Calgary, Alberta, Canada
T2P 1N2
(Address, including zip code, of Registrant’s principal executive offices)
Husky Energy Inc. Incentive Stock Option Plan
(Full title of the plan)
CT Corporation System
28 Liberty St., New York, NY 10005
(Name and address of agent for service)
(212) 894-8940
(Telephone number, including area code, of agent for service)
COPIES TO:
| Susan Anderson Cenovus Energy Inc. 4100, 225 6 Avenue S.W. Calgary, Alberta, Canada T2P 1N2 (403) 766-2000 |
Christopher J. Cummings Paul, Weiss, Rifkind, Wharton & Garrison LLP 77 King Street West, Suite 3100 Toronto, Ontario M5K 1J3 Canada (416) 504-0520 |
Indicate by check mark whether the registrant is a large accelerated filer, an accelerated filer, a non-accelerated filer, or a smaller reporting company. See the definitions of “large accelerated filer,” “accelerated filer” and “smaller reporting company” in Rule 12b-2 of the Exchange Act.
| Large accelerated filer | ☒ | Accelerated filer | ☐ | |||
| Non-accelerated filer | ☐ | Smaller reporting company | ☐ | |||
| Emerging growth company | ☐ | |||||
If an emerging growth company, indicate by check mark if the registrant has elected not to use the extended transition period for complying with any new or revised financial accounting standards provided pursuant to Section 7(a)(2)(B) of the Securities Act. ☐
EXPLANATORY NOTE – DEREGISTRATION OF SECURITIES
This Post-Effective Amendment relates to the following Registration Statement on Form S-8 (the “Registration Statement”), originally filed with the Securities and Exchange Commission (the “SEC”) by Cenovus Energy Inc., a corporation organized under the laws of Canada (the “Registrant”):
| • | Registration Statement No. 333-251886, filed on January 4, 2021, registering 1,250,000 common shares, no par value, of the Registrant which may be issued under the Husky Energy Inc. Incentive Stock Option Plan. |
The Registrant has terminated all offerings of the securities pursuant to the Registration Statement.
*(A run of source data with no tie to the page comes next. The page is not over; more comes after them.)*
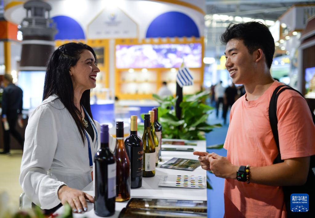 6月27日,在第八届中国—亚欧博览会上,观众在乌拉圭展台洽谈。
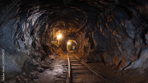 Underground mine tunnel with railway tracks, mining cart, and industrial lighting illuminating rugged rock walls in a historic mining environmen
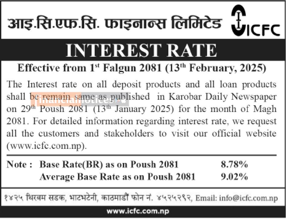 नयाँ ब्याजदर परिवर्तन सम्बन्धी सूचना
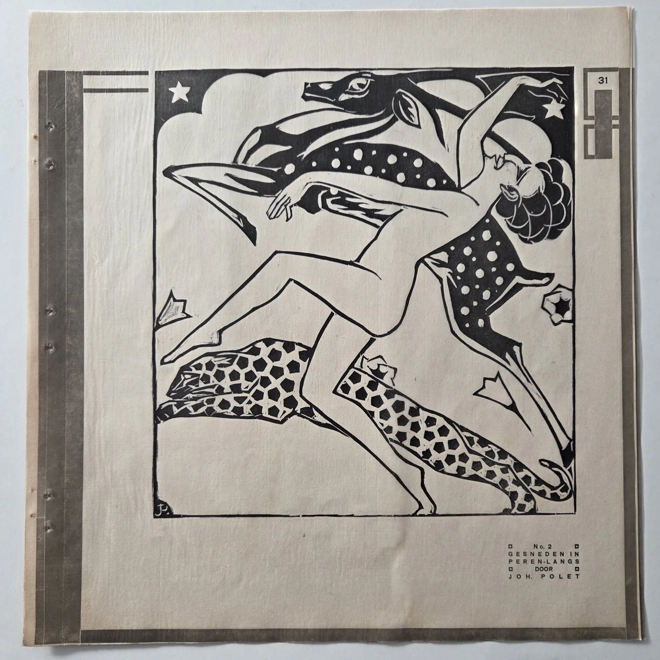Johan Polet - Danseres. Naakt. Houtsnede uit Wendingen.

In accordance with an undertaking made by the Registrant in Part II of the Registration Statement to remove from registration, by means of a post-effective amendment, any of the securities that had been registered and remain unsold at the termination of such offering, the Registrant hereby removes from registration by means of this Post-Effective Amendment all securities of the Registrant that remain unsold under the Registration Statement as of the date hereof.
SIGNATURES
Pursuant to the requirements of the Securities Act of 1933, as amended, the Registrant certifies that it has reasonable grounds to believe that it meets the requirements for filing on Form S-8 and has duly caused this Post-Effective Amendment to be signed on its behalf by the undersigned, thereunto duly authorized, in the City of Calgary, Province of Alberta, Country of Canada, on the 27th day of February, 2026.
| CENOVUS ENERGY INC. | ||
| By: | /s/ Karamjit S. Sandhar | |
| Name: | Karamjit S. Sandhar | |
| Title: | Executive Vice-President & Chief Financial Officer | |
Note: No other person is required to sign the post-effective amendment to the Registration Statement in reliance upon Rule 478 under the Securities Act of 1933, as amended.